In this respect, and based on advice from legal experts, the JCHR adds:
The Government should not proceed [with the bill] without the consent of the devolved legislatures.
While the Sewel convention is not legally binding, the UK government is expected:
to consult with the devolved administrations early in the process, to ensure that devolved views are taken into account.

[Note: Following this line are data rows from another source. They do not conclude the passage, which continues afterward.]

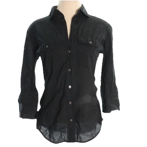 Standard James Perse Women Black Cotton Collared Button-Up Roll Sleeve Size 2
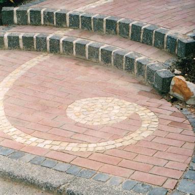 Klinker trifft Naturstein – Ein Band aus Gneis im Klinker verlegt
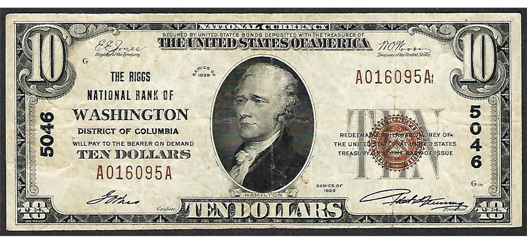 One 1929 $20 Riggs NB of Washington, District of Columbia CH# 5046 National Currency Note.
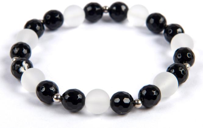 Ez az ásvány karkötő fazettált 8 mm-es ónix és matt hegyikristály gömbökből készült, duplasoros gumira fűzve. Díszítőelem : 2 mm-es antiallergén gömb. A hegyikristály hatása : a hegyikristály a mestergyógyítók közzé tartozik, mert bármilyen betegséget képes gyógytani. Tanulás során segíti a figyelemösszpontosítást. Az érfalakat tisztítja a rajta lévő lerak

So once the BBR had been introduced in parliament, the legislatures in Edinburgh, Cardiff and Belfast would need to publish a memorandum of consent. Prior to the final amendment stage, the devolved legislatures would then grant or withhold their consent of the bill in part or whole.
But by ignoring that convention, Raab has signalled his contempt for the devolved nations.
Criminalising dissent
It’s apparent from the letter that the Westminster government has not followed the Sewel convention, despite the likely fallout. There are also many other concerns that appear to render the bill unworkable.
The JCHR makes it clear that, in its view, the BBR is not fit for purpose, saying:
we believe the Government has failed to make the case for repealing and replacing the HRA with a Bill of Rights in the form proposed.
However, the government has a tendency to ignore such criticisms, even if they might be as damning as they are in this case.
Moreover, the bombardment of recent legislation aimed at massively restricting our rights appears relentless, with the overall aim of criminalising dissent.